Do Grandparents Have Rights After Divorce?
Divorce is a difficult process for all parties involved, especially when there are children to consider. Divorce can also have implications for other family relationships, like grandparents. As a grandparent, you may be concerned about how the parents’ divorce or separation will impact your relationship with your grandchildren. The situation can be especially difficult where one parent may not want their child being around their grandparents for whatever reason. Therefore, you might be a caring grandparent wondering how much you’ll be able to see your grandchildren again following the divorce.

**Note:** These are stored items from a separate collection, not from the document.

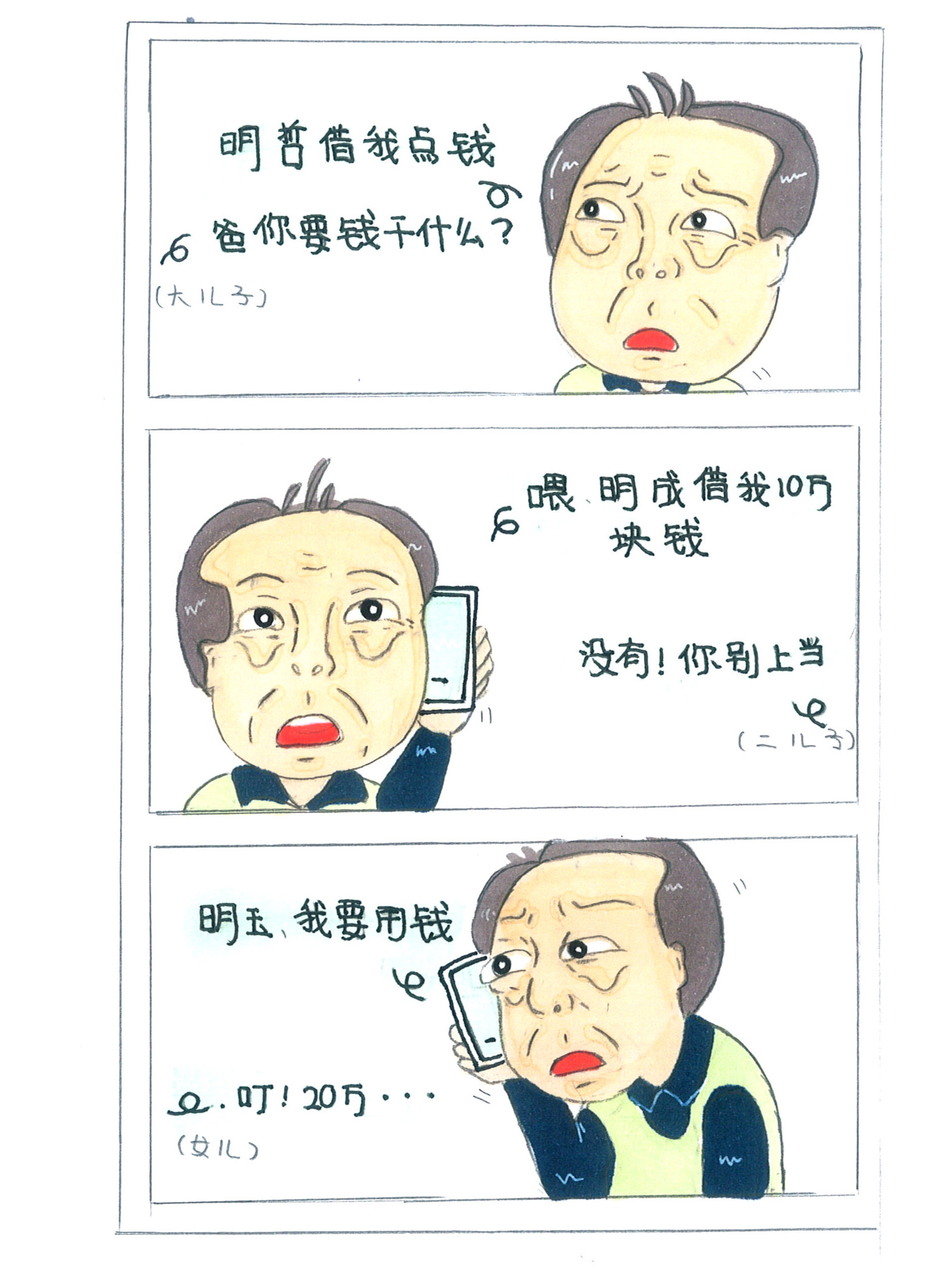 王晓庆:动力来自职业需求。我的工作要求我完成这些漫画,并把它们从我们自己的公开号码中发送出去。以前,我曾想过把我对绘画的兴趣和我的日常工作结合起来,但是没能找到一个很好的时机来实现它。这次有这样一个宣传的机会。我们的领导和同事都非常支持它,并说:“我们这里的小女孩会画画,这很好。”另一点是由于我自己的感觉。我看过一则电视新闻报道,报道一位平时不愿花钱的老人去世了。结果,当他的儿子和女儿穿过房子时,他们发现老人用他多年辛苦工作后积蓄的钱在家里堆积了许多保健品。我只是觉得想想那些关心老人金钱的骗子是可恶的。那是很久以前的新闻,我一直记得。
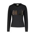 T-shirt Gaudi da donna a tinta unita in colorazione nero con scritta del brand posta sul davanti realizzata con brillantini in contrasto di colore. Modello girocollo, maniche lunghe e fondo con orlo dritto. Tessuto in Cotone.
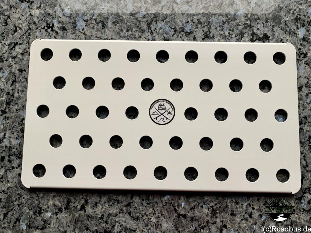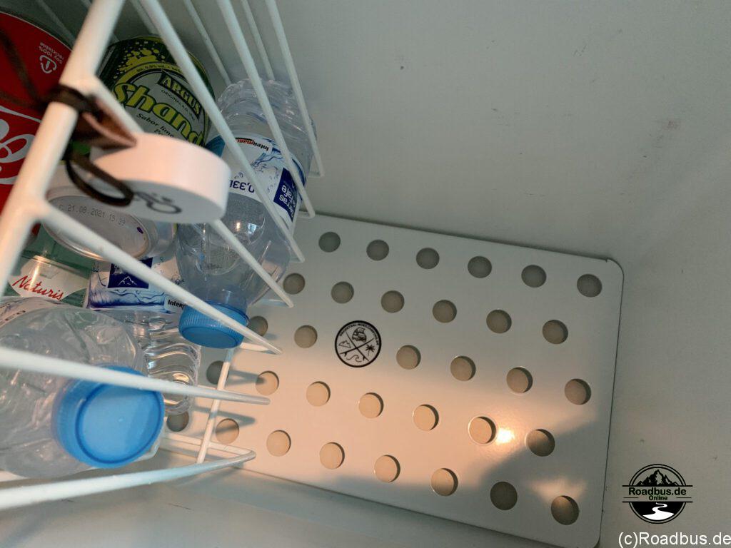 Der Einleger ist aus pulverbeschichtetem Aluminium, nur 1,5 cm hoch, und nimmt sehr wenig Raum vom Kühlschrank in Anspruch. Selbstverständlich passen weiterhin handelsübliche Flaschen, Wasser, Cola, Sekt und Wein oder was immer Ihr sonst noch im Kühlschrank herumfahrt. Optisch passt es perfekt in den Kühlschrank und zusammen mit dem bereits getesteten Lüfterzusatz vom Benno gibt es endlich eine optimale Kälteverteilung im Kühlschrank. Es bildet sich viel weniger Eis und vor allem steht nichts mehr im Kondenswasser. Für mich eine ganz klare Empfehlung. Ihr bekommt dieses und andere nützliche Sachen im Onlineshop von Grünthal Mobilcamping.
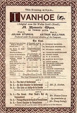 - ^ The Era, 7 February 1891, p. 11. Craven provided the sets for the three scenes of Act II (The Forest, and two interiors in the Castle of Torquilstone). Carte's elaborate production also featured sets by J. Harker (Act I) and Ryan and Telbin (Act III).
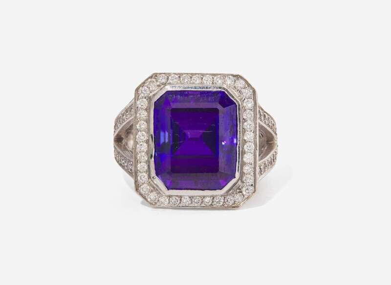 Tanzanite: One bezel-set emerald-cut tanzanite measuring approximately 10.81mm x 12.79mm.
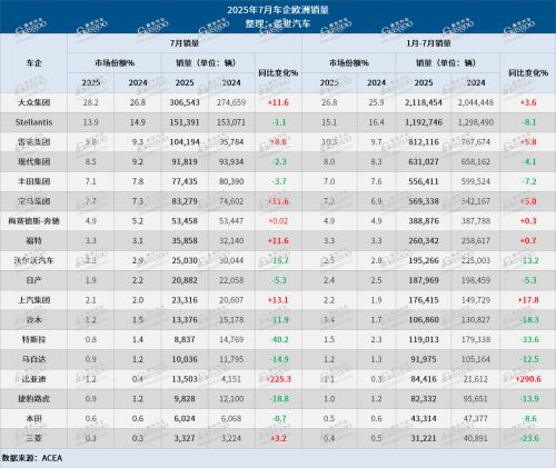 雷诺集团的销量同比上升8.8%,位列第三;其中受益于紧凑型SUV Bigster的推出,雷诺集团旗下品牌达契亚7月在欧洲的销量同比增长13.6%,达53,945辆。
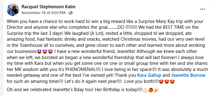 Racquel’s and Isabelle’s sales director is Kara Gallup! Racquel recently thanked Kara for a trip she earned.
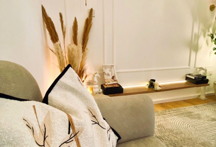 Fully Furnished: Master bedroom with wardrobe & décor, second bedroom ready for your personal touch.
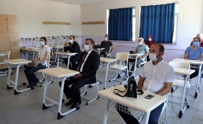 Öğretmenler okulun toplantı salonunda Milli Eğitim Bakanı Ziya Selçuk'un konuşmasının ardından salgına karşı koruyucu ve önleyici tedbirler ile okulda uyulması gereken kurallar hakkında bilgilendirildi.

Fortunately, in the State of New York, you do have options as a grandparent. Grandparents have a legal right to request visitation when they have a substantial existing relationship with their grandchildren, when one or both parents die, or when the child’s parents have interfered with their efforts to establish or maintain a relationship. Our Garden City divorce attorneys at Fass & Greenberg are here to help you navigate this challenging area of the law and obtain the best outcome possible.
What to Know About Divorce Law
As Garden City lawyers, we follow state divorce and separation law closely. Here’s what all grandparents and parents in cases of divorce need to know:
- When it comes to grandparents seeking visitation rights, they can only do so with biological and/or adopted grandchildren. Petition for visitation cannot be filed by great-grandparents, or any other kind of relative.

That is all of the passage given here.